Proposed position statement on the use of photography in the examination roomComments: 4 comments
The Board decided there was a need for such a statement after encountering some issues with photography and video that came to attention through the Board’s review of enforcement cases.
NCMB will accept licensee feedback on the proposed position statement through June 16. Comments may be emailed to firstname.lastname@example.org.
Policy for the Use of Audio or Visual Recordings in Patient Care
The Board recognizes that there may be valid reasons for licensees to make audio or visual recordings of patients during a healthcare encounter. However, such recordings must be made for appropriate professional reasons and should employ safeguards that protect a patient’s autonomy, privacy, confidentiality, and dignity. In instances where a patient may be asked to disrobe, the patient should be provided an opportunity to disrobe beyond the view of any camera.
Recordings that could lead to disclosure of the patient’s identity constitute protected health information and must be managed and transmitted in a manner that complies with HIPAA requirements.
Prior to an audio or visual recording being made of a patient, licensees should ensure that they have obtained the patient’s informed consent. The informed consent should be documented in the medical record and should allow the patient an opportunity to discuss any concerns before and after the recording. The patient should also be informed:
- 1. Of the purpose of the recording and its use;
2. That the recording is voluntary and that a refusal to be recorded will not affect the patient’s care;
3. That the patient may withdraw consent to be recorded at any time and what will be done with any prior recordings;
4. Of the possibility of accidental or deliberate dissemination during the acquisition or storage of the information.
A licensee who has made an audio or visual recording of a patient must ensure that:
- 1. Any recording is used only for the purpose for which the patient consented;
2. Patients are given the opportunity to see the recording if they so wish; and
3. Recordings are given the same protections as other medical records against improper disclosure.
Comments on this article:
Sometimes surgeons used videos of operations for teaching; sometimes physicians take pictures of rashes for diagnostic purposes. These would fit under the proposed rule, even if not of direct benefit to the patient. I think the Board should include a sample consent form with ithis regulationBy Kim Masters on Jun 06, 2017 at 3:07pm
I agree with the above. There should also be a provision where the provider has the right to refuse the examination if the examinee wishes to record either by audio or photography (still or video) of the encounter.
This issue arises when the examination is being performed as part of an Independent Medical Examination which which often has adversarial overtones and potentially litigious clients.

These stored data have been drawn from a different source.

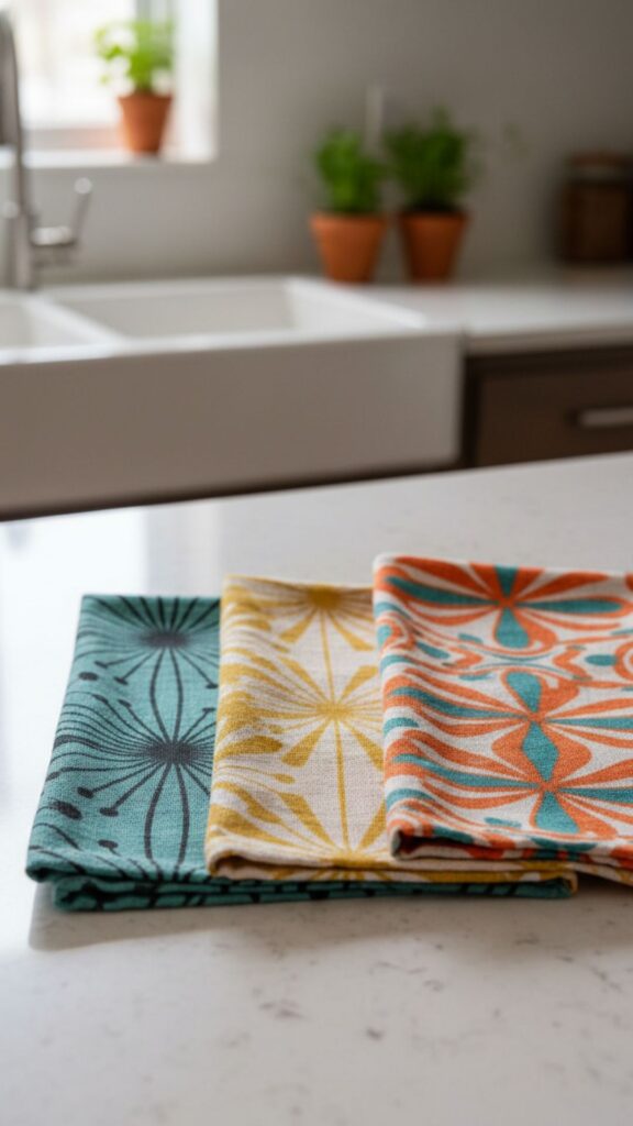 Textiles are an easy and affordable way to inject mid-century flair without a major renovation. The era was famous for its playful use of geometry—think boomerangs, stars, and abstract shapes. A set of high-quality dish towels featuring these atomic prints can brighten up an oven handle and tie the whole room together.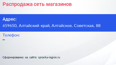 Распродажа, сеть магазинов по адресу 659650, Алтайский край, Алтайское, Советская, 88 в дальнейшем Организация, размещена в следующих категориях: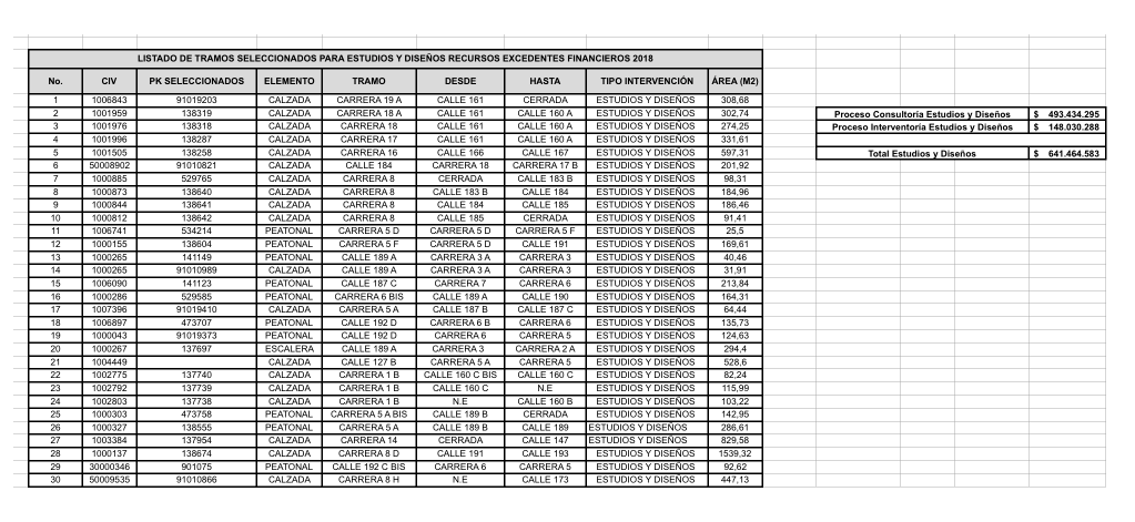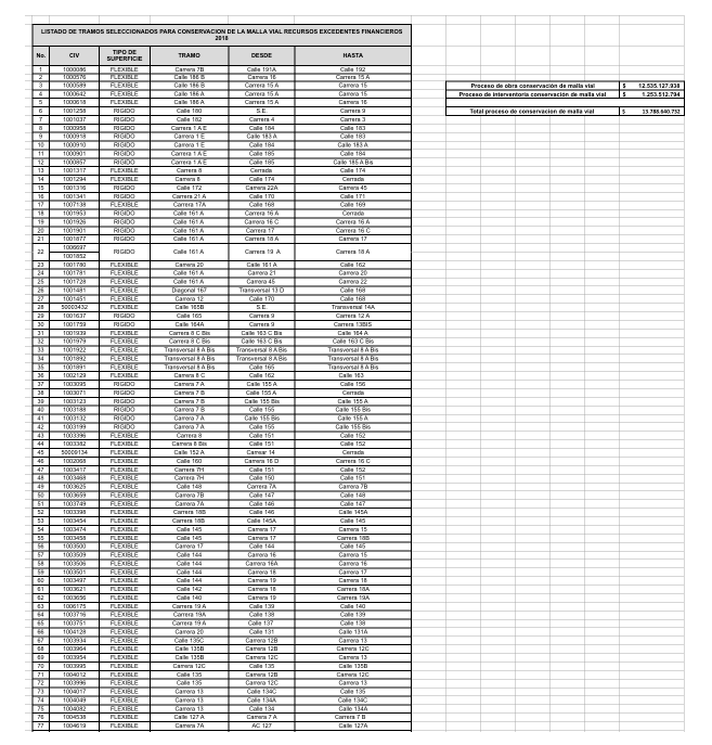 La Alcaldía de Bogotá y la Alcaldía Local de Usaquén, informan los listados de tramos seleccionados para conservación de la malla vial (recursos excedentes financieros), vigencia 2018.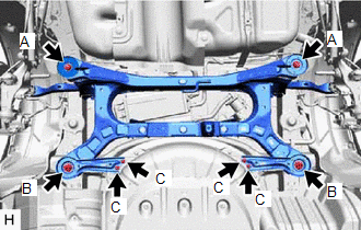 | (d) Install the rear suspension member sub-assembly with the 2 rear suspension member lower stoppers, rear suspension member lower brace LH and rear suspension member lower brace RH, 2 bolts and 6 nuts. Torque: Bolt A : 158 N·m {1611 kgf·cm, 117 ft·lbf} Nut B : 158 N·m {1611 kgf·cm, 117 ft·lbf} Nut C : 18 N·m {184 kgf·cm, 13 ft·lbf} |

At least there should be prior notification of the desire of the examinee’ s plan to do same ahead of time and the practitioner provided with a copy.
There is too much chance of poor lighting, editing, camera angles, distance, and overall quality affecting the outcome.
When the state of New York permittted clients to record the examination without even notification of the practitioner - essentially in secret- I terminated my relationship with the state of New York to perform such examinations.
In the proposed N.C. Regulation, I think it would be a good idea to incorporate a clause that - IF the patient/examinee - desires, they be provided with a copy of the images.
Basically a good idea with refinements,
Robert Blake, MD, CIME
By Robert Blake, MD on Jun 06, 2017 at 4:28pm
How does this position apply to a “mugshot” photo that is taken for attachment to the electronic medical record? Specifically, should written informed consent be obtained for this purpose, or is a head-and-shoulders portrait photo simply considered an element of identifying personal information similar to the usual demographics that are collected? I think that the latter is more reasonable.By Craig Steffee, MD on Jun 07, 2017 at 8:04am
We have encountered circumstances when staff used personal, mobile devices for photography in the clinical setting. This has raised concerns from auditors that there are no or inadequate audit trails of how or where an image is subsequently used. It may be prudent to stipulate that imaging in a clinical setting may only be done using devices owned by the practice with SOP that prevent personal use of such devices.By Dante Landucci MD on Jun 22, 2017 at 12:10pm
As for the earlier comment about taking my photograph as part of my medical record, I perceive doing so without the option to decline as unacceptably intrusive. When there may be any question, clinical procedures already permit confirmation of identity by asking relevant questions and/or by requesting select documents that may include photo ID. Clinical staff are not responsible for confirmation of identity. This is a law enforcement activity that, when undertaken by healthcare personne, risks intrusion into the fiduciary healthcare relationship and/or may not be conducted correctly. Furthermore, clinical staff have an obligation to refer matters for law enforcement consideration when there is suspicion of felonious criminal activity.